■ **TRY IT**
Look through the entries below and copy exactly the part that begins with the line containing "The confusion matrix" and ends with the line containing "คณะเกษตร กำแพงแสน ลงนามโดย". Do not copy the pictures.

■ **TASK INPUT**
..........

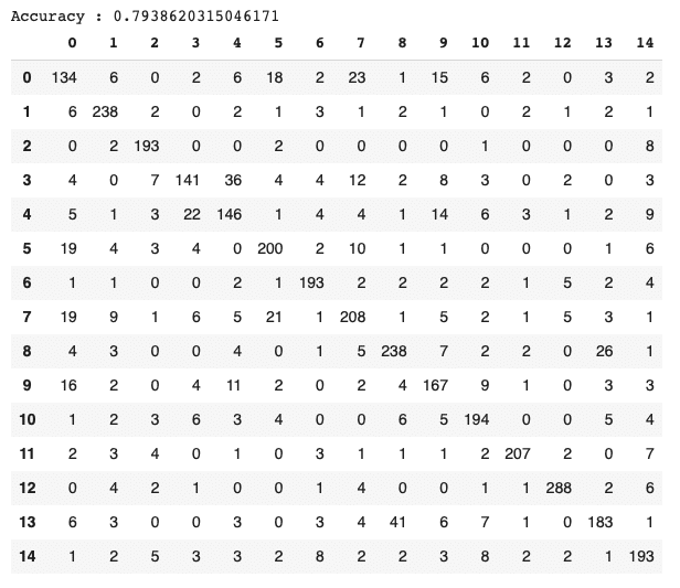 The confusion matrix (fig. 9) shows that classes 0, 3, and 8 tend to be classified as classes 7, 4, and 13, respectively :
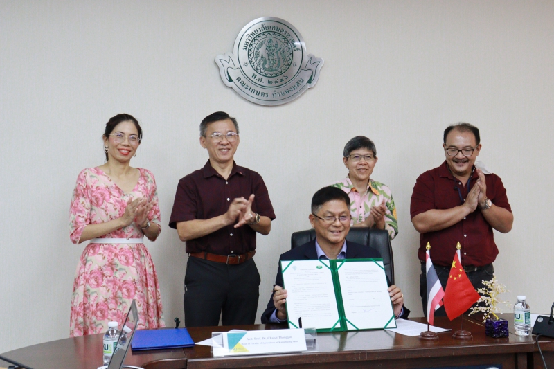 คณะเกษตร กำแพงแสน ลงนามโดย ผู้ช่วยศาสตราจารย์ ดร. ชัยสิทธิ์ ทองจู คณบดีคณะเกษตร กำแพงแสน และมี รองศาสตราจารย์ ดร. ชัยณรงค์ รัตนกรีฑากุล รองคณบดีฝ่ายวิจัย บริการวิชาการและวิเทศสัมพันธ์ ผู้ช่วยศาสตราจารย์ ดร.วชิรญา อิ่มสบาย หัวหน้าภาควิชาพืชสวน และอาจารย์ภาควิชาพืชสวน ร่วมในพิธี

..........

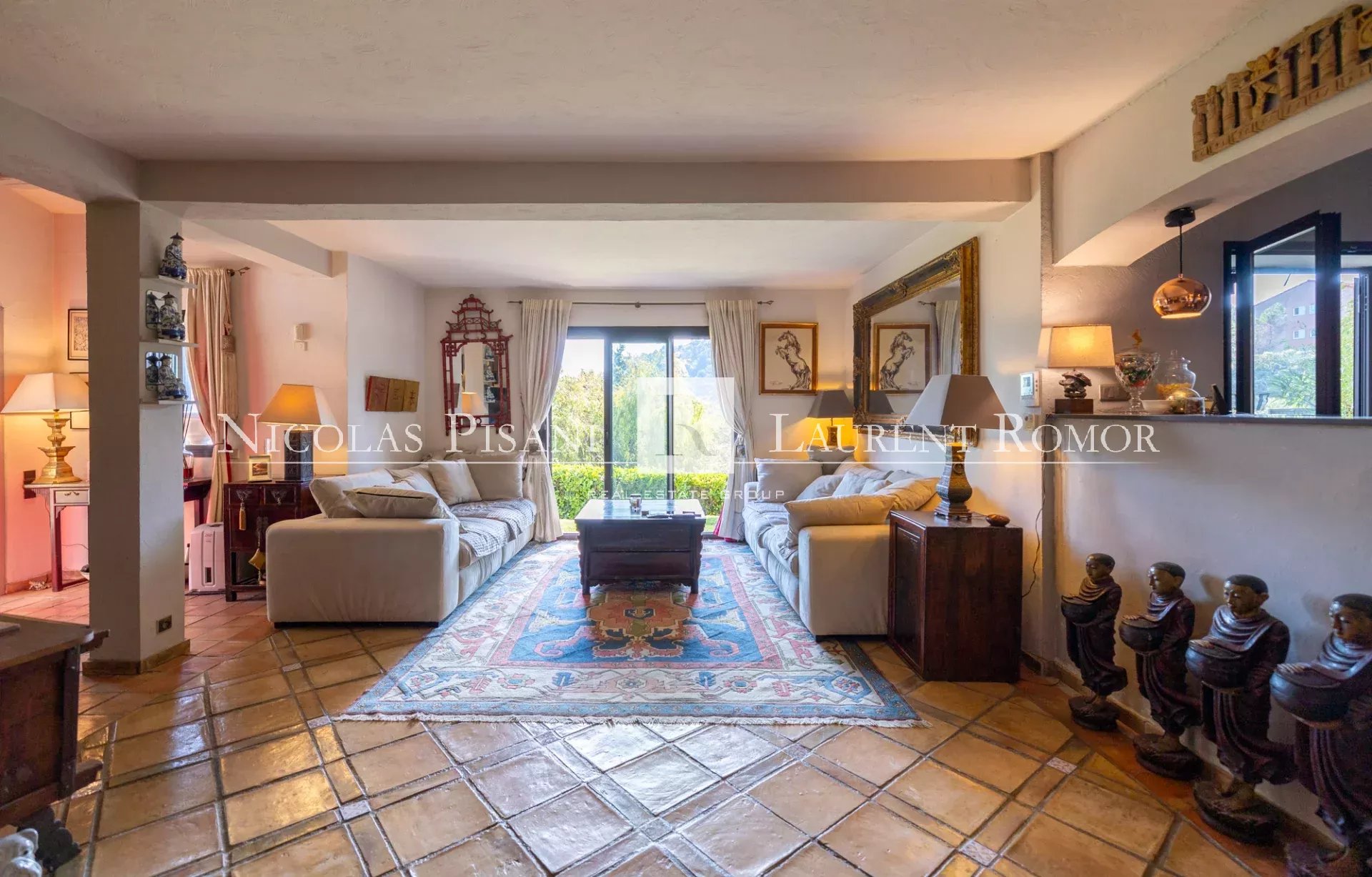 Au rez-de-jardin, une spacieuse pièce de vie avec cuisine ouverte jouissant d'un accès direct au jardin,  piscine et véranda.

..........

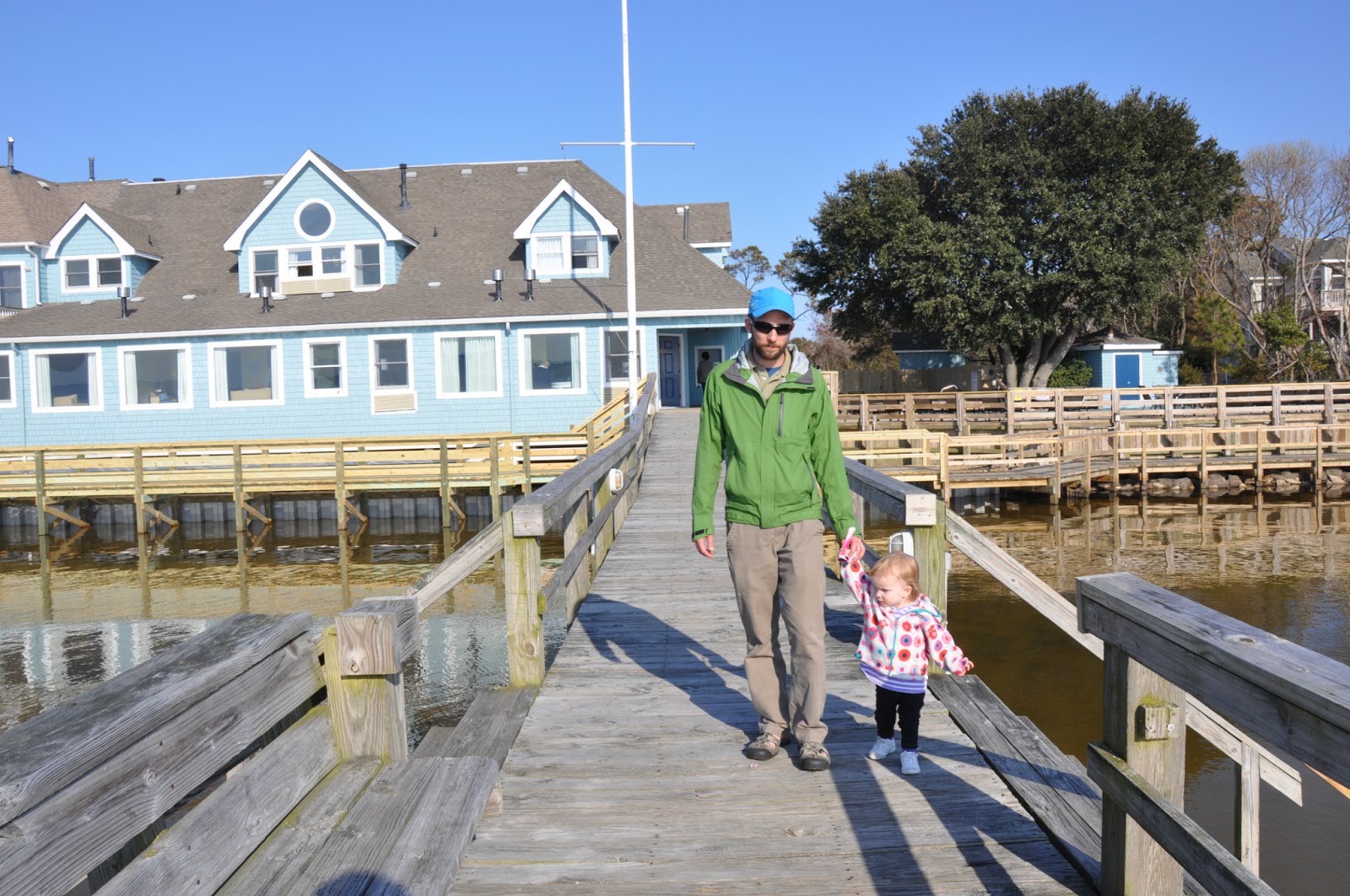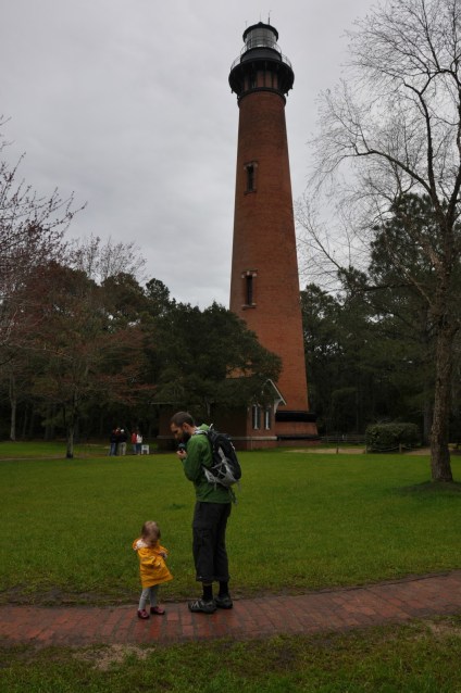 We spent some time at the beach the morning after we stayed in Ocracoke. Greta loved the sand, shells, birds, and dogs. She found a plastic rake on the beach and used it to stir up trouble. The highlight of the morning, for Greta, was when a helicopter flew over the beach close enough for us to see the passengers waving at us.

..........

■ **TASK SOLUTION**
 The confusion matrix (fig. 9) shows that classes 0, 3, and 8 tend to be classified as classes 7, 4, and 13, respectively :
 คณะเกษตร กำแพงแสน ลงนามโดย ผู้ช่วยศาสตราจารย์ ดร. ชัยสิทธิ์ ทองจู คณบดีคณะเกษตร กำแพงแสน และมี รองศาสตราจารย์ ดร. ชัยณรงค์ รัตนกรีฑากุล รองคณบดีฝ่ายวิจัย บริการวิชาการและวิเทศสัมพันธ์ ผู้ช่วยศาสตราจารย์ ดร.วชิรญา อิ่มสบาย หัวหน้าภาควิชาพืชสวน และอาจารย์ภาควิชาพืชสวน ร่วมในพิธี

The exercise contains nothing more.